Handel won 52 percent of the vote and Ossoff held his 48 percent.  She won.
The number of participants was 259,486.  That’s 35 percent more than in the first round.  So much for any claim that run-offs inevitably have lower turnouts.   
Run-offs can do better for participation and democracy than ranked-choice voting.

What does Georgia show that may be relevant to Maine’s consideration of voting?

First, the plurality system may produce a different result from either a run-off or ranked choice voting.  So the threshold question is whether Mainer wants to abandon plurality elections.  That’s probably the first question that ought to be put to voters and that would require a constitutional amendment.

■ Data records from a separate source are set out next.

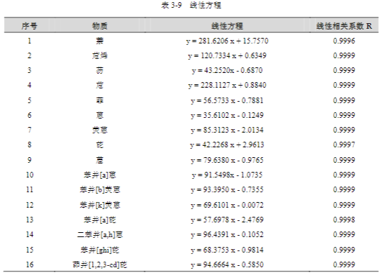 將 16 種多環(huán)芳烴標(biāo)準(zhǔn)工作溶液,按 3.3 中色譜條件進(jìn)行分析,16 種多環(huán)芳烴線性如下表所示。
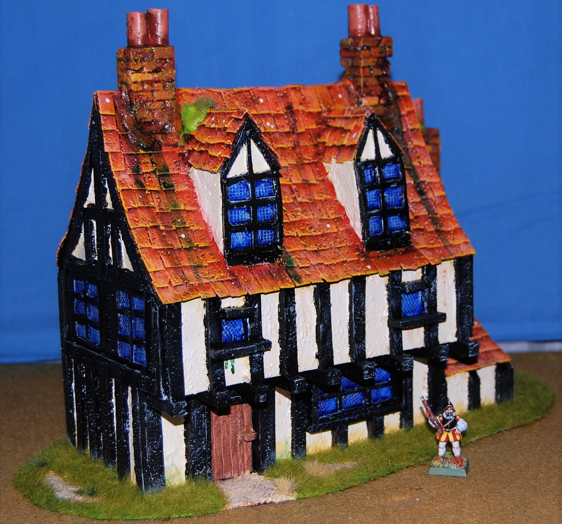 I also think that next time I would use thick card instead of balsa wood for the timbering, as the balsa is too thick and stands proud of the plasterwork by no small amount. It makes the house look more like a modern mock-Tudor (where the timbering is purely decorative) when on a real Tudor house the timbering would be flush with the plasterwork as the timber was actually load-bearing and part of the walls (some pictures below illustrate what I mean).
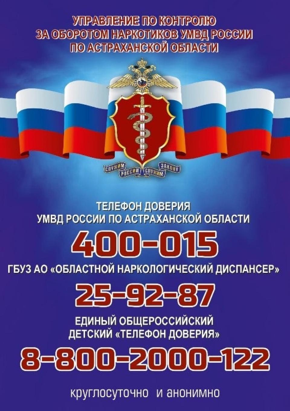 В рамках проведения на территории Астраханской области Общероссийской акции «Сообщи, где торгуют смертью», управление по контролю за оборотом наркотиков УМВД России по Астраханской области информирует о работе «телефона доверия».
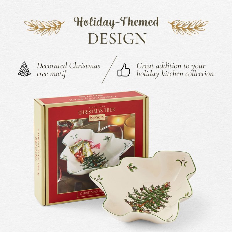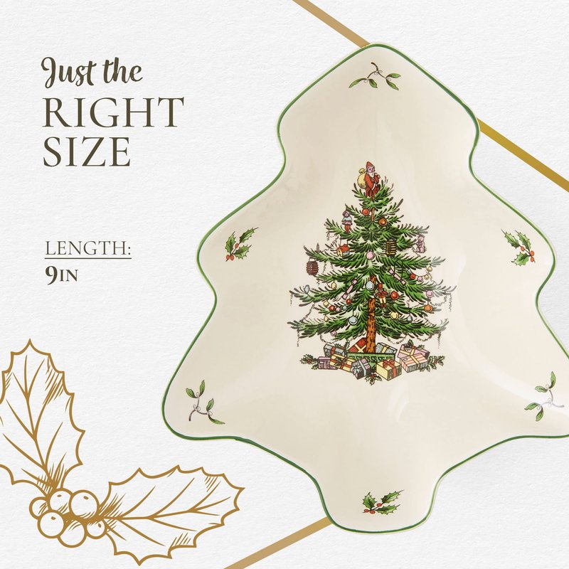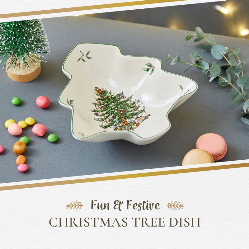 - Spode Christmas Tree Serving Dish brings the cherished nostalgia of Christmases past with its iconic holiday design dating back to 1938.
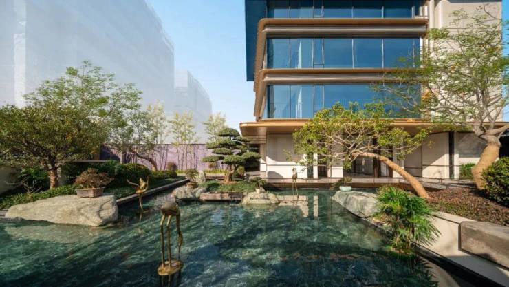 一棵9米高的特选乌桕,与红果冬青、紫薇、进口造型羽毛枫等名贵花木,勾勒出郁郁葱葱的林冠线。沿着园路漫步,可触摸到现场切割拼接的弧形“富贵绿”景石,也可在景观飞桥,对望约3.5米高范思哲黑石材的跌水幕帘。
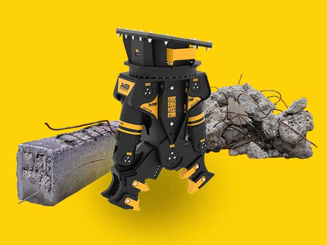 Installed on excavators, backhoe loaders and skid steer loaders, they are designed for primary and secondary crushing. They offer precision for fast and effective demolition work. The 360° continuous hydraulic rotation facilitates the positioning of the attachment, enhancing maneuverability and ease of use.
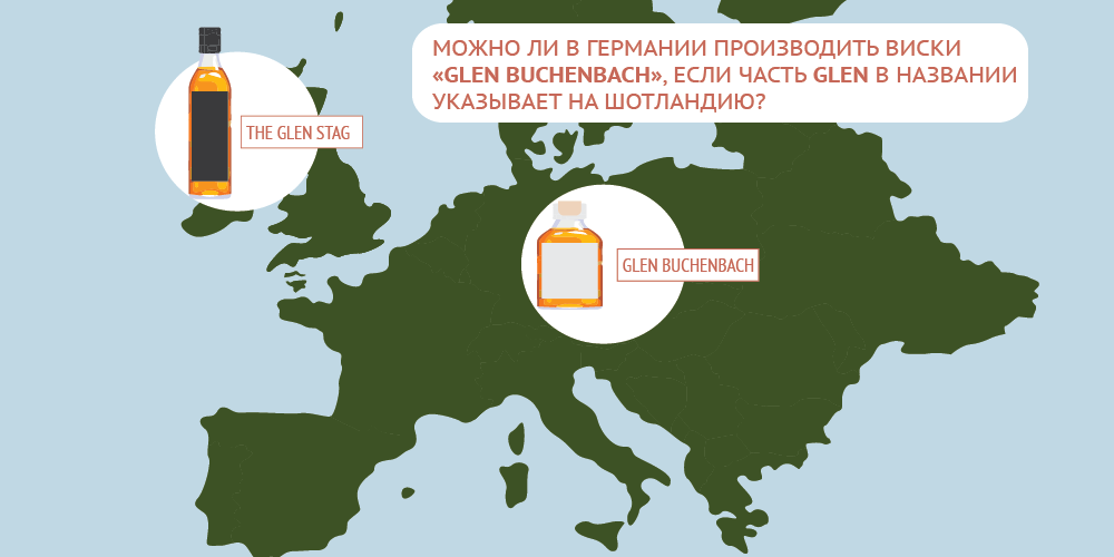 Пример разбирательства на эту тему – дело № C‑44/17, которое в 2017–2018 годах разбирал Суд ЕС. Некий Михаэль Кротц производил виски под названием Glen Buchenbach. В переводе это означает «Долина Бухенбах» – местность в немецкой Швабии, где Кротц и делал свой напиток. Но слово glen обычно используют шотландцы. На это и обратила внимание Ассоциация производителей шотландского виски. Они подали иск против Кротца. В заявлении ассоциация указала, что «термин glen широко используется в Шотландии вместо слова «долина», в том числе как элемент товарного знака в названии шотландского виски. Он вызывает у населения ассоциации с Шотландией и шотландским виски, хотя на этикетке и указано, что выпускаемая продукция немецкого происхождения».
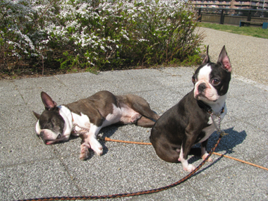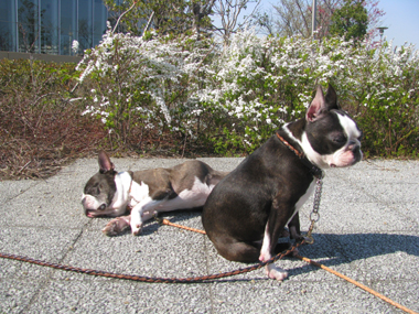 春休みの子供たちから「あいつ等リード持っていないのにジッとしててスゲー!」と言われたけど、ただ2人とも暖かくて気持ち良くなって眠かっただけなんだけどね
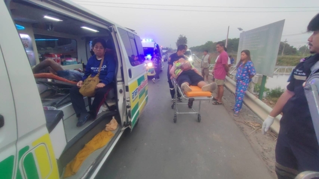 เมื่อเวลา 07.00 น. วันที่ 23 ก.พ. 69 ที่จ.ปทุมธานี พ.ต.ต.ก้องกิดากร ครามแสง สารวัตรสอบสวน สภ.คลองห้า ได้รับแจ้งอุบัติเหตุรถตู้เสียหลักชนแท่งแบริเออร์ มีผู้ได้รับบาดเจ็บหลายราย บริเวณถนนเลียบคลองระพีพัฒน์ หมู่ 14 ต.คลองหก อ.คลองหลวง จ.ปทุมธานี จึงรุดไปที่เกิดเหตุ พร้อมด้วยอาสามูลนิธิป่อเต็กตึ๊ง และรถกู้ชีพโรงพยาบาลคลองหลวง
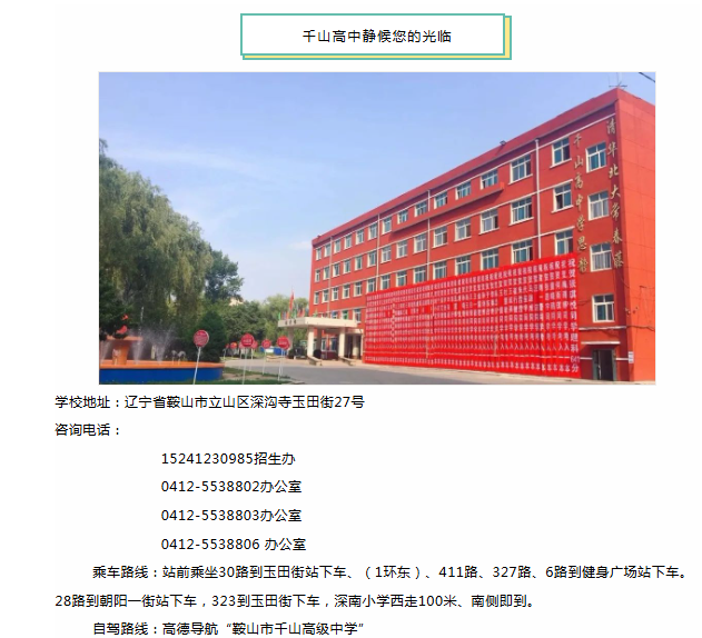鞍山市千山高级中学 激爆潜能 追求卓越 低进高出 优进精出
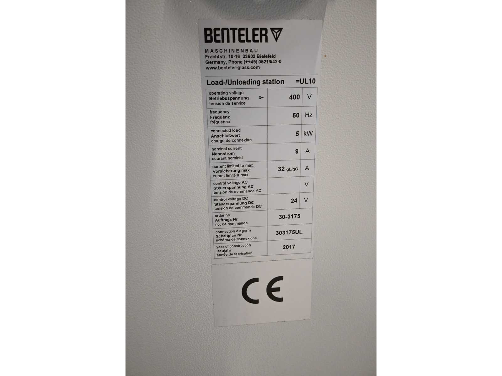 Bestaande uit Benteler Vertical Loading / Unloading Conveyor (afmeting ca. L425 x B200 x H220 cm) en 1 x Benteler glas ontlaadstation (afmeting ca. L375 x B80 cm). Voorzien van Siemens Simatic HMI Touch - besturing. Inclusief machine- hekwerk met Leuze elektronische laser beveiliging systeem. Machine-investering: €144.000,- excl. BTW. Nee Merk: Benteler / Masévon Type: Vertical Conveyor Bouwjaar: 2017 Serienummer: 30-3175 Aansluiting: 400V
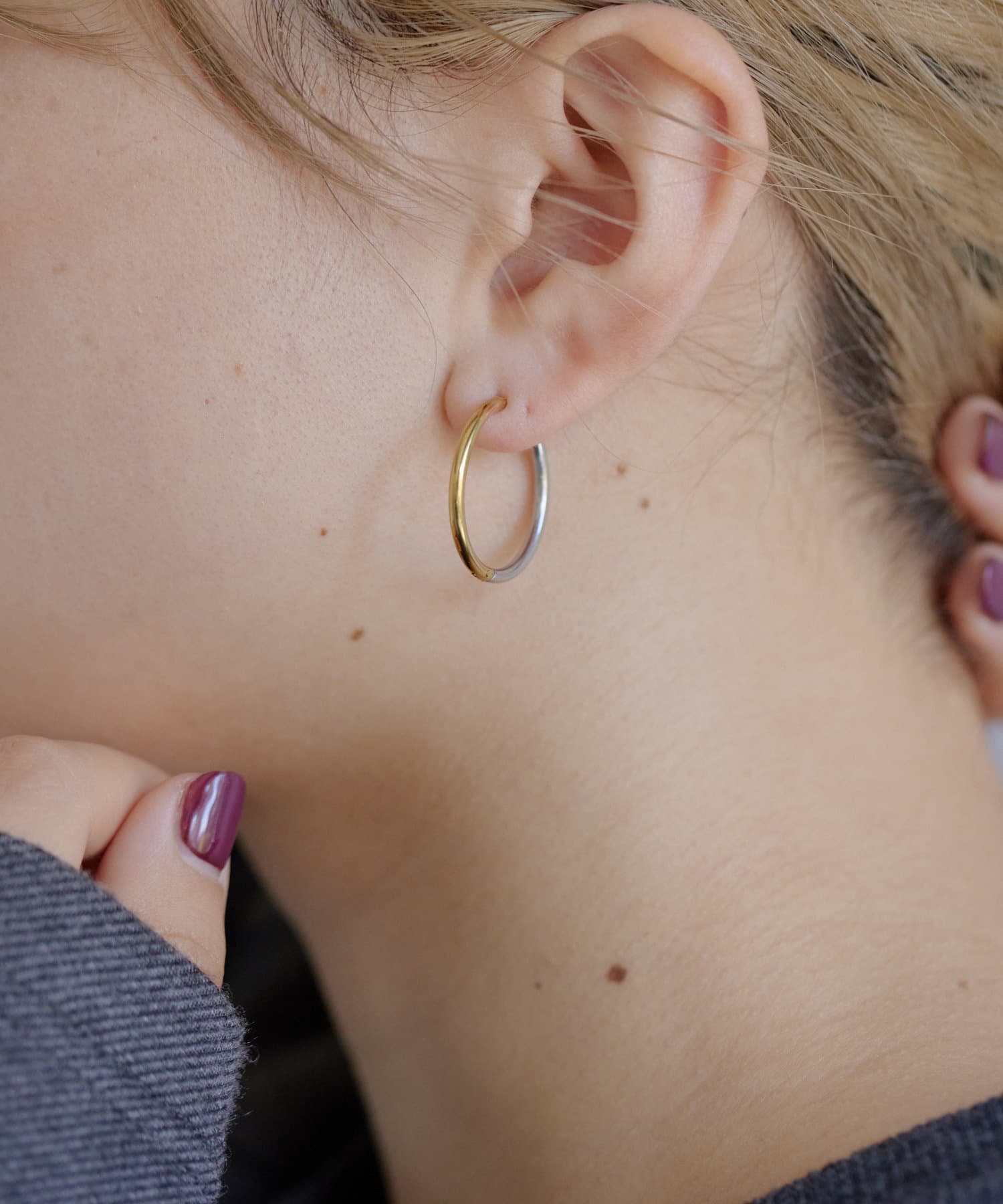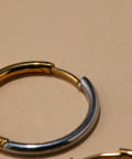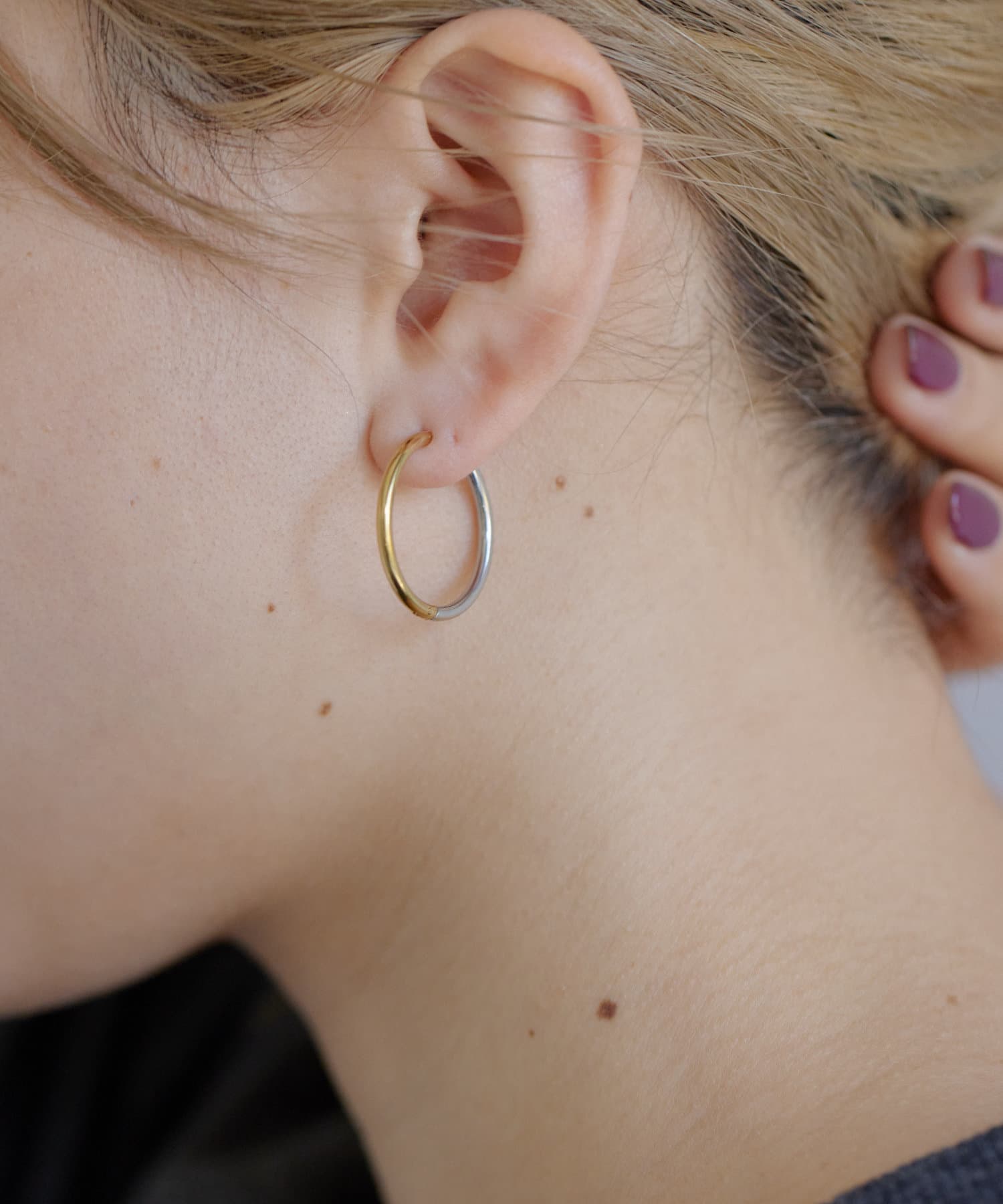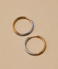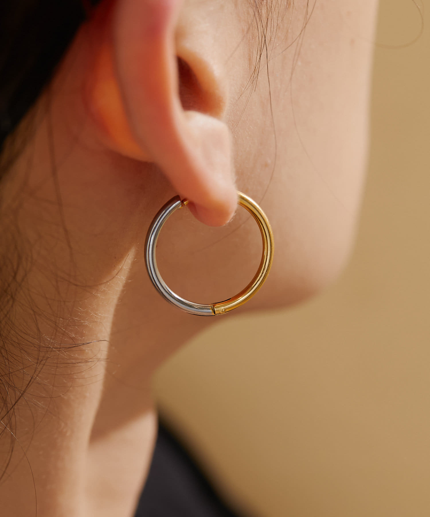 前後で色が異なるバイカラーのフープピアス。

Second, if Maine voters want change, they should consider the widely used run-off as well as the new and untried ranked-choice voting.  After a favorable vote to amend the Constitution, they could make this choice.

Third, nobody is dropped from the voting process by the run-off system, but votes are eliminated in ranked-choice voting.

Fourth, ranked-choice voting is more costly than a run-off, according to the Secretary of State.

Fifth, the winner is selected after a clear contest between candidates by using either the plurality or the run-off, while the computer makes the choice, hidden from voters, in ranked-choice voting.  Plurality and run-offs depend on campaigns designed to convince voters not a short-cut counting system.

Finally, Mainers should avoid seeing the need for ranked-choice voting in terms of the elections of Gov. LePage or Gov. Baldacci.  Any change would last decades or centuries with unknown results.